For more than 30 years, Highland Beach town commissioners have been handcuffed by a $350,000 spending cap on any one project unless voters approve otherwise.

Soon residents could have an opportunity to remove that restraint if a series of charter changes makes it onto the March municipal election ballot.

The commission plans to bring the spending limit issue before the voters a second time after they rejected it in 2022.

This time, however, the proposal is a lot different.

While the proposed change last year was based on a percentage of the total annual budget, the new proposal includes a defined dollar amount based on inflation.

At a meeting last month, Vice Mayor David Stern proposed bringing the spending limit up to $900,000 per project, an amount that translates into what the $350,000, first incorporated in the town charter in 1991, would be worth today based on the consumer price index.

“It’s the same amount in today’s dollars,” he said.

Stern also suggested an annual increase based on the consumer price index. That increase would begin in 2025, if the ballot issue receives voter approval.

Others on the commission appeared to agree with Stern that an increase from the $350,000 cap is long overdue.

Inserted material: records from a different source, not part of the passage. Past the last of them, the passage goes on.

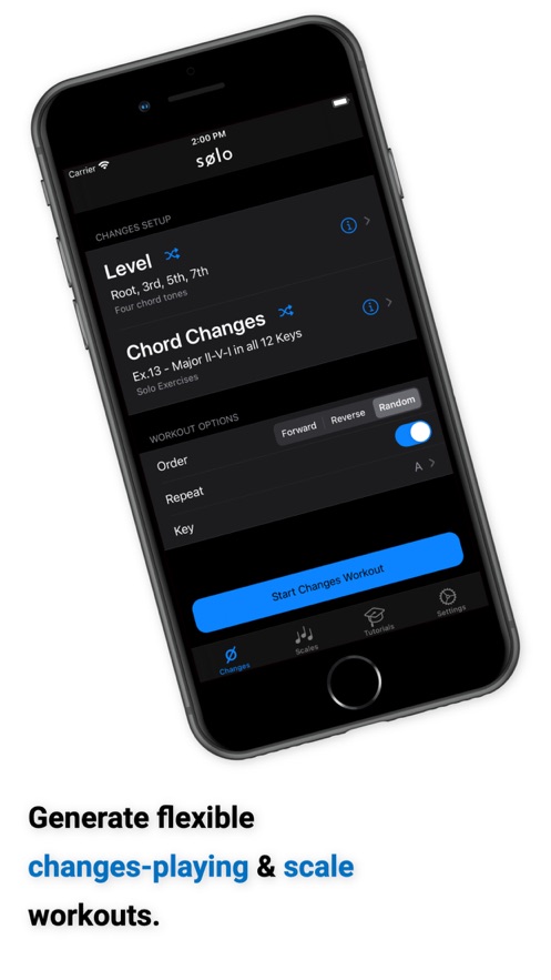 ‣ Using common progressions, Solo presents you with one chord symbol or scale at a time and asks you to find and play a series of notes based on their intervallic function.
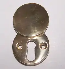 - an escutcheon (insignia around a doorknob's exterior hardware or a door lock's cosmetic plate)
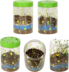 El recipiente transparente con orificios de ventilación permite observar el crecimiento de las plantas. Incluye todos los componentes necesarios para crear un jardín con bonitas capas.
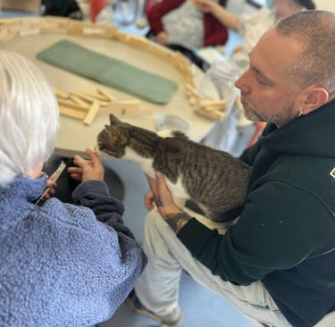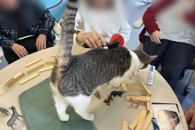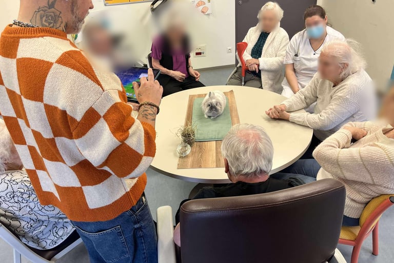 Chaque animal du Moustache Club participe aux séances avec sa personnalité, son calme et sa manière d’entrer en lien. Ils sont tous sociables, habitués au contact et choisis pour leur douceur. Ils accompagnent les participants sans brusquer, chacun à leur rythme.
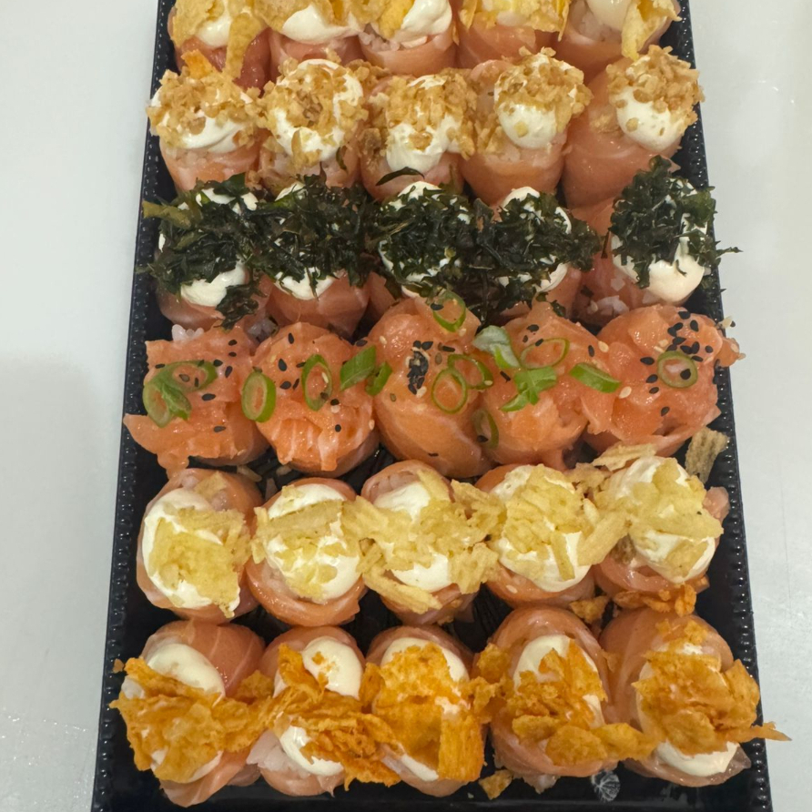 Um delicioso combo só salmão todos os sushis de salmão pronto pra você saborear com 8 sashimis de salmão,4 jhous de salmão,4 niguiri de salmão, 4 uramaki salmão , 4 hosomaki de salmão só salmão e fresquinho!!
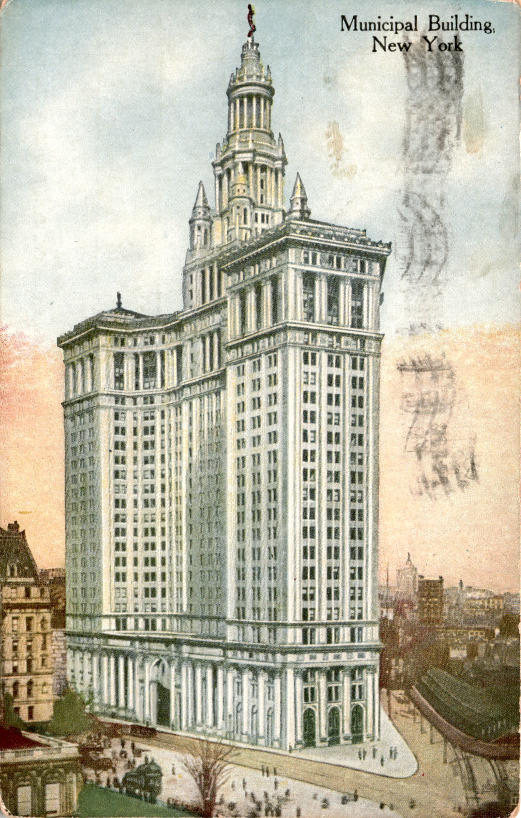 Back of PostcardThe postcard features an image of the Municipal Building in New York City, completed in 1913. This iconic structure on Park Row, facing City Hall Park, is 34 stories tall, with 15 stories in the tower. It houses various city departments’ offices.
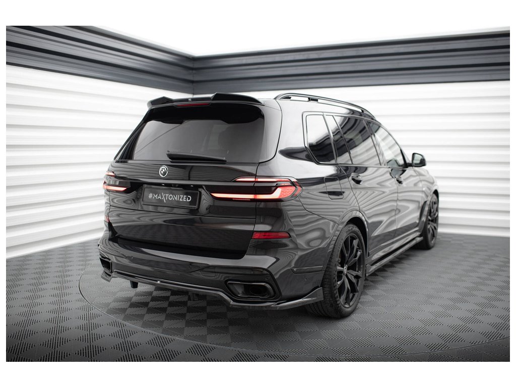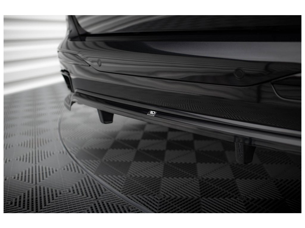 Maxton Design středový spoiler pod zadní nárazník s žebrováním pro vozidlo BMW X7 G07 Facelift M-Pack . Povrchová úprava spoileru černý lesklý plast ABS.

“We are providing many more services than we were 30 years ago,” Mayor Natasha Moore said.

Stern has said in the past that one of the reasons the last effort to increase the cap failed was that it was difficult for voters to understand.

“You need a clear, simple number that voters understand,” he has said while pushing for an increase in the cap.

Because the proposal would be a cap on projects, it is possible the town could spend more than the $900,000 in any year, which could be a concern among voters.

Commissioners, however, pointed out that there are other factors, including approval by referendum for financing, that would require taking such projects to voters.

“It’s not like you are opening up a piggy bank with no limits,” Commissioner Evalyn David said. “There are limits.”

Efforts to change the cap have not had much success in the past. Besides the voters’ rejection in 2022, an effort in 2012 to raise the spending limit to $1 million by ordinance was later rescinded after Palm Beach County’s inspector general’s office determined that it could be changed only with voter approval.

In addition to bringing the spending limit change to voters, commissioners are considering asking voters to approve funding for a much-needed sewer pipe lining project that could cost an estimated $3.5 million. That number could change before referendum language is finalized after the town gets additional information from engineers.

Also being discussed as a ballot item is a charter change that would no longer require the town to provide members for the election canvassing board. Instead, commissioners would have the option of retaining that responsibility or giving it to the Palm Beach County Supervisor of Elections office, which provides that service at no cost to all but two other municipalities in the county.

During discussions of bringing items to voters, commissioners discussed a new state law that prohibits local governments from spending public funds to educate voters about upcoming referendum issues.

Commissioners pointed out, however, that they will be discussing the proposed charter changes at upcoming meetings and are hoping to get resident input before finalizing wording on any ballot items they decide to present in March.